I went ahead and followed the recipe, adjusting it here and there. I had a smaller skillet (an 8 inch and the recipe called for a 10 inch) so I didn’t add quite as much butter and brown sugar. I also had more of a variety of apples than what the recipe called for. My pie was more of a mile-high pie, once it was filled. Which isn’t necessarily a bad thing. Next time I make this pie (and I will make it again) I’ll adjust the amount of sugar so that it’s not so sweet and I think I’ll skip the brown sugar and butter in the bottom of the skillet. As a matter of fact it might be good to melt the brown sugar and butter (like a caramel) then add the apples, toss that together with some cinnamon and then add that to the pie crust in the skillet, topping it with the other crust. But that’s for next time. Here is the recipe that I made from the September 2011 issue of Southern Living Magazine.
The Pie
Makes 8 to 10 servings
Hands on Time: 20 minutes
Total Time: 1 hour, 50 minutes
2 lbs. Granny Smith apples
2 lbs Braeburn apples
1 tsp. ground cinnamon
¾ cup granulated sugar
½ cup butter
1 cup firmly packed brown sugar
1 (14.1 ounce) package refrigerator piecrusts
1 egg white
2 T granulated sugar
Butter-pecan ice cream
1. Preheat oven to 350 degrees. Peel apples and cut into ½ inch thick wedges. Toss apples with cinnamon and ¾ cup granulated sugar.
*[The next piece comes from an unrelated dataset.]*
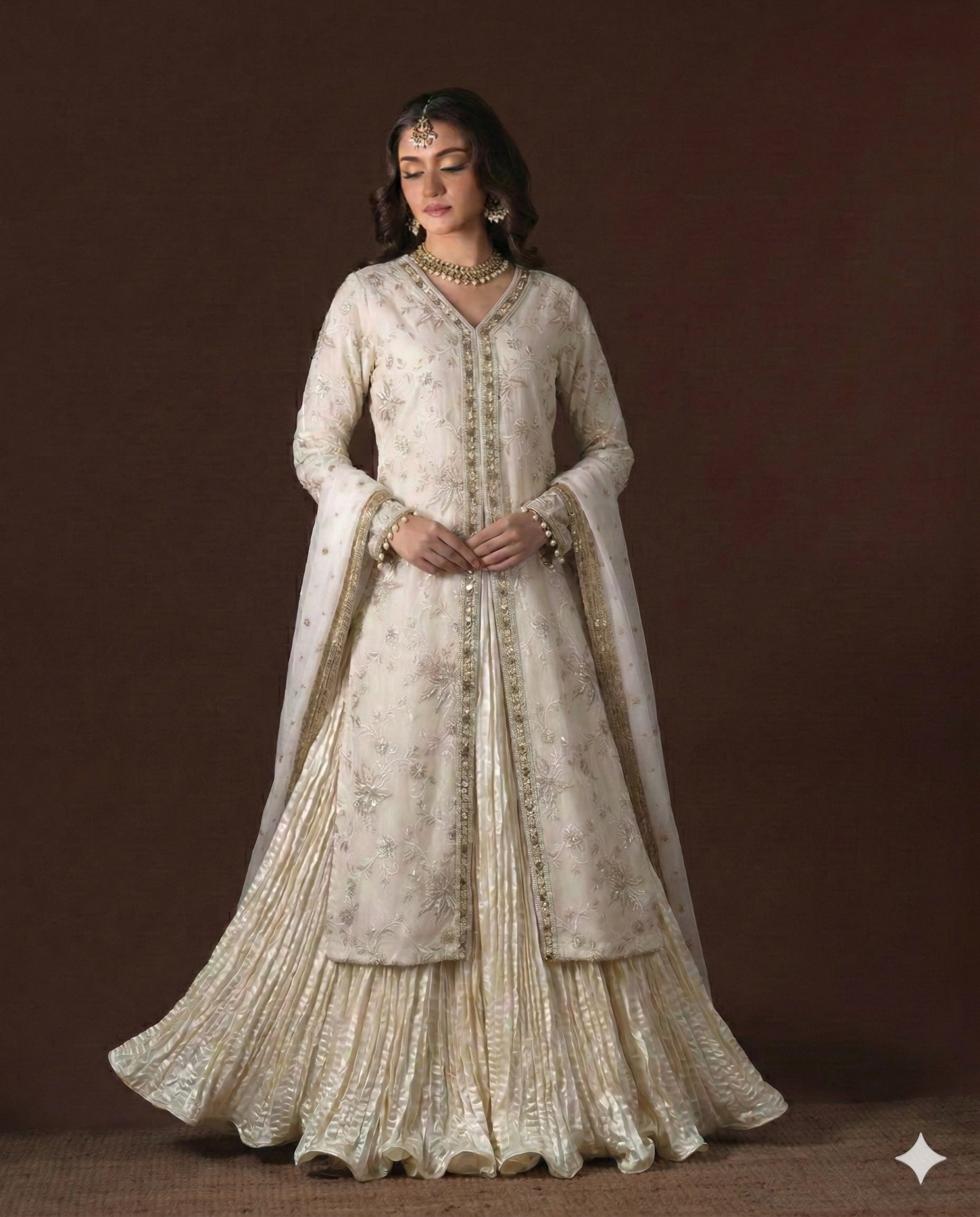 Three items: A front-slit shirt, crinkled skirt & dupatta

2. Melt butter in a 10 inch cast iron skillet over medium heat; add brown sugar and cook, stirring constantly, 1 to 2 minutes or until sugar is dissolved.
Remove from heat and place 1 piecrust in skillet over brown sugar mixture. Spoon apple mixture over piecrust and top with remaining piecrust.
Whisk egg white until foamy. Brush top of piecrust with egg white; sprinkle with 2 tablespoons granulated sugar. Cut 4 or 5 slits in the top for the steam to escape.
3. Bake for 1 hour to 1 hour and 10 minutes or until golden brown and bubbly, shielding with aluminum foil during the last 10 minutes to prevent excess browning, if necessary. Cool on a wire rack 30 minutes before serving. Serve with butter-pecan ice cream.
Baking a pie in a cast iron skillet is a clever idea and one that I’ll try again. So give it a try and tweak it to your liking. You might just come up with a new creation. Isn’t that what cooking and baking are all about? Creation!